Data extracted from a collection
----

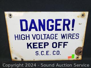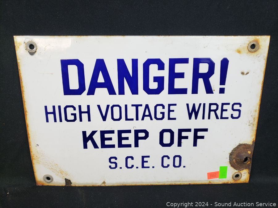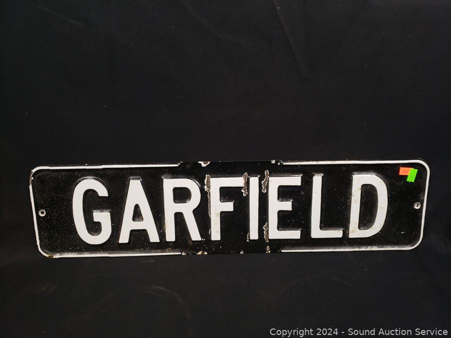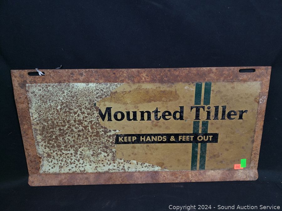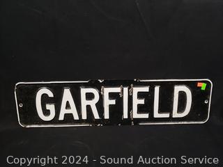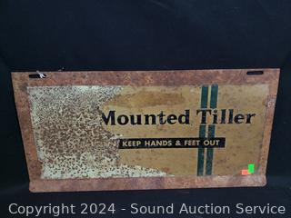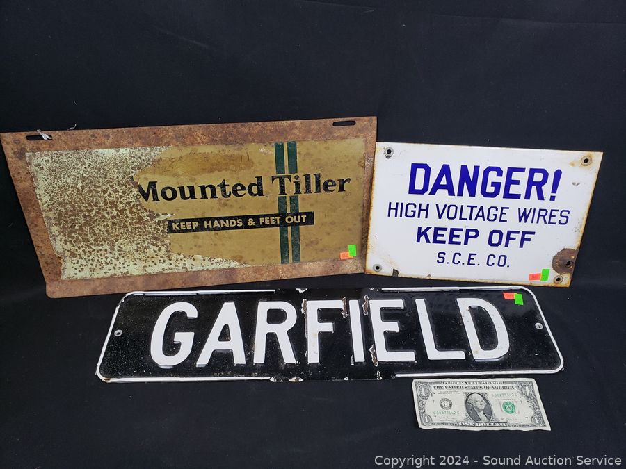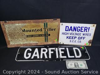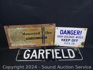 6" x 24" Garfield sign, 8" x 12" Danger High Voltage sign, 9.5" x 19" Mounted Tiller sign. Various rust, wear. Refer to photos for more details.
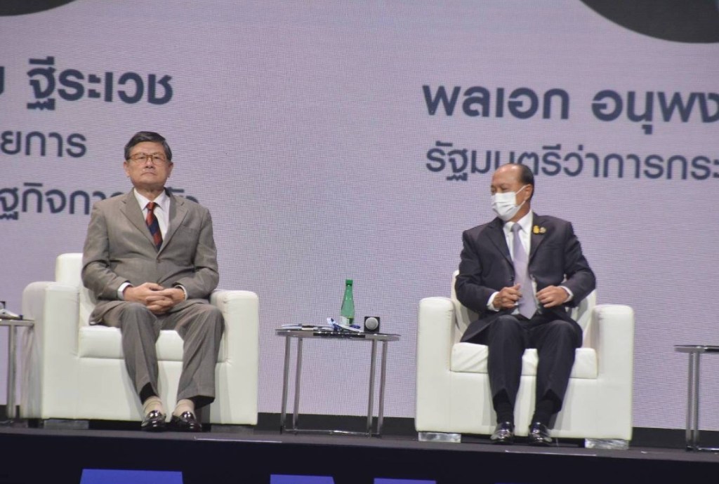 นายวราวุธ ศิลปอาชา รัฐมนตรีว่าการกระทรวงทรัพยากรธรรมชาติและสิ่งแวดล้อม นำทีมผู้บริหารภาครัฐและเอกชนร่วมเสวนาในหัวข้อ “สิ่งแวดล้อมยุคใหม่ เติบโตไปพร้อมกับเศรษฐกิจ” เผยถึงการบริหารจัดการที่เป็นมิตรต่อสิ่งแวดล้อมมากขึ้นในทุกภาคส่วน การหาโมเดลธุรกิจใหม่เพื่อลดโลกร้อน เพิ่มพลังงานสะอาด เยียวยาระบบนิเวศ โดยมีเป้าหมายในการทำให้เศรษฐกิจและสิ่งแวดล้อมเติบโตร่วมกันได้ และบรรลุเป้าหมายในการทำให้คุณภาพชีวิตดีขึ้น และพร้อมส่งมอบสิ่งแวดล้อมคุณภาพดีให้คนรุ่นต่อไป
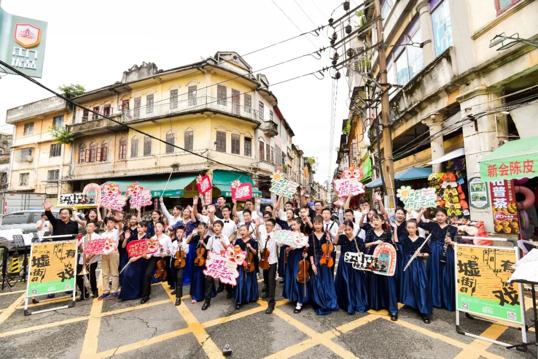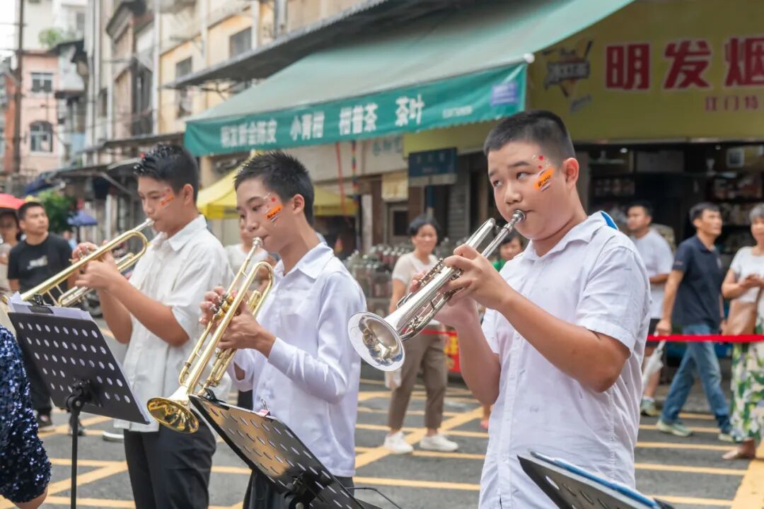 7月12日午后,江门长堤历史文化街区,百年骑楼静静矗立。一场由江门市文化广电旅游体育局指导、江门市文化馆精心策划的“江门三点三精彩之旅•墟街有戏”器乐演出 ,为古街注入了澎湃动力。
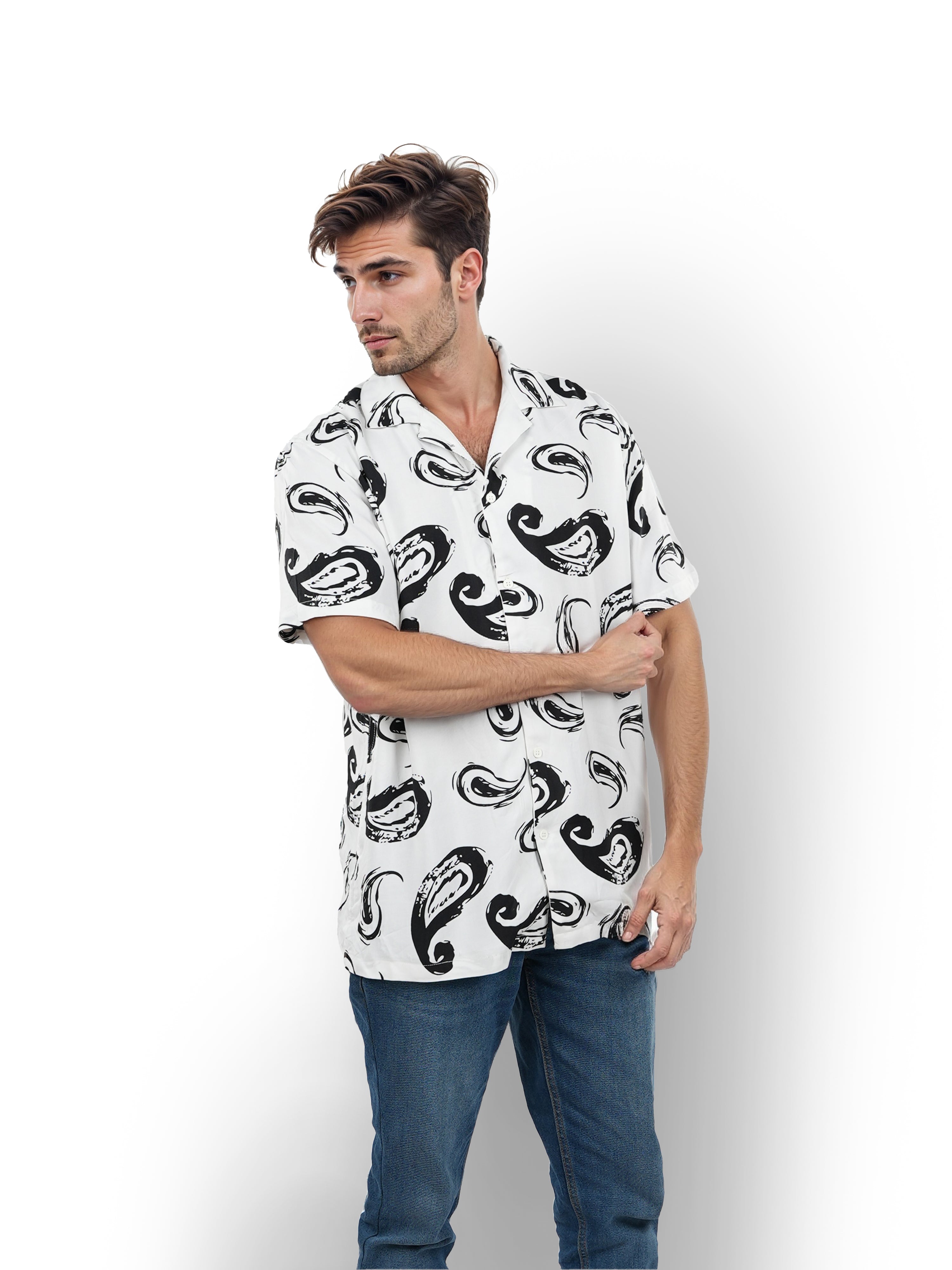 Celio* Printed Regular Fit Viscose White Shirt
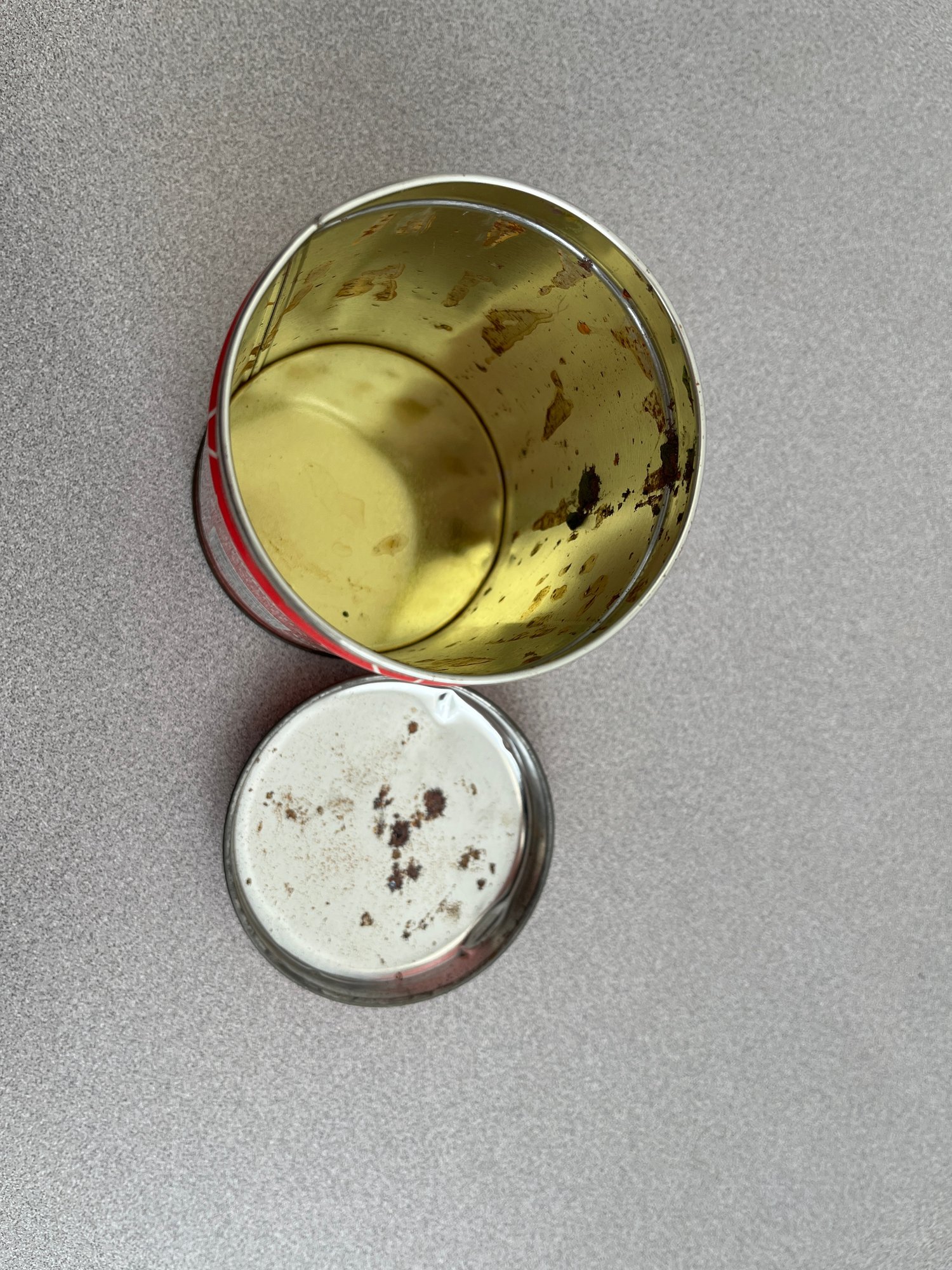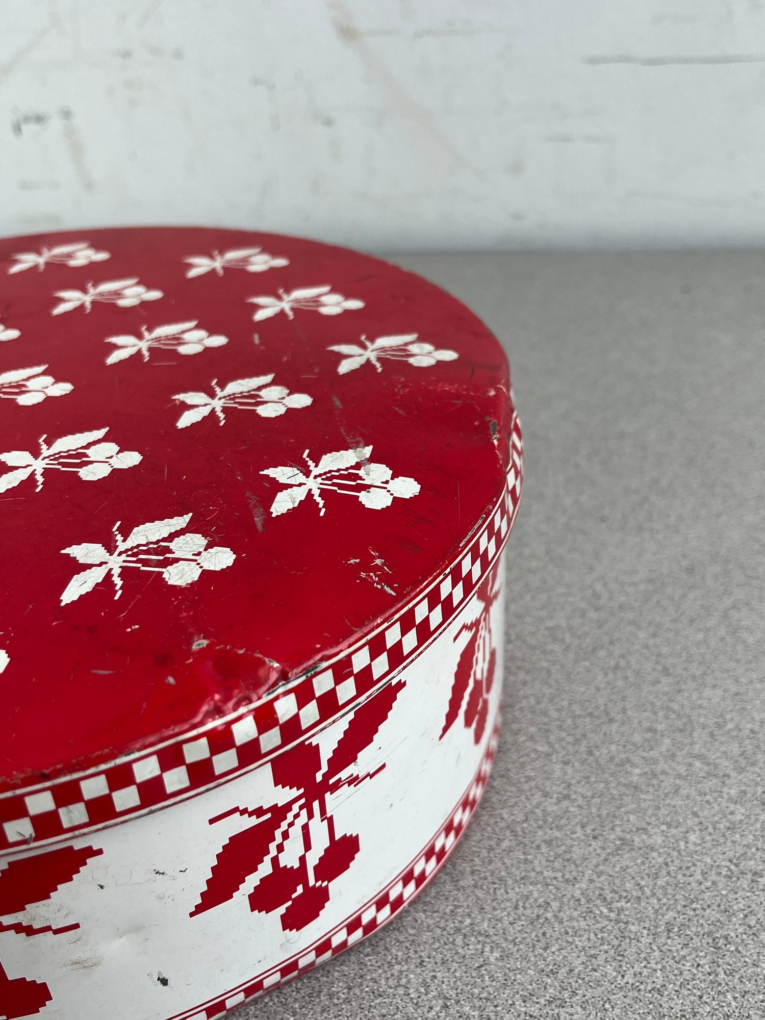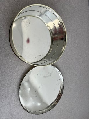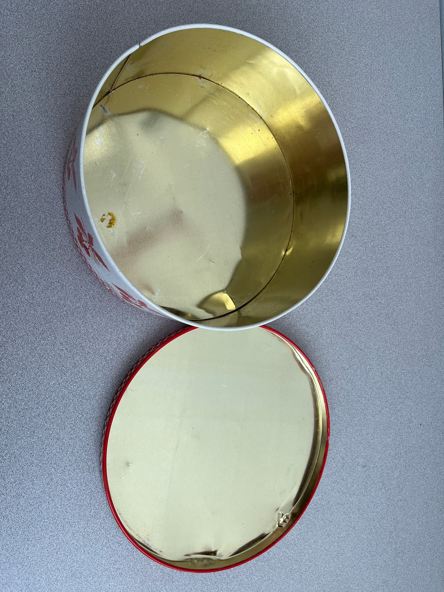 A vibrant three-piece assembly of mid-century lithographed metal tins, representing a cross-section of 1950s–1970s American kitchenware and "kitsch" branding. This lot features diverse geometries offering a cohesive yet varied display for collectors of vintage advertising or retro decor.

----

Give again, exactly as written, the lines from the one with "7月12日午后,江门长堤历史" through the last line of the entries above, but skip the pictures.

■ **Your response**:
 7月12日午后,江门长堤历史文化街区,百年骑楼静静矗立。一场由江门市文化广电旅游体育局指导、江门市文化馆精心策划的“江门三点三精彩之旅•墟街有戏”器乐演出 ,为古街注入了澎湃动力。
 Celio* Printed Regular Fit Viscose White Shirt
 A vibrant three-piece assembly of mid-century lithographed metal tins, representing a cross-section of 1950s–1970s American kitchenware and "kitsch" branding. This lot features diverse geometries offering a cohesive yet varied display for collectors of vintage advertising or retro decor.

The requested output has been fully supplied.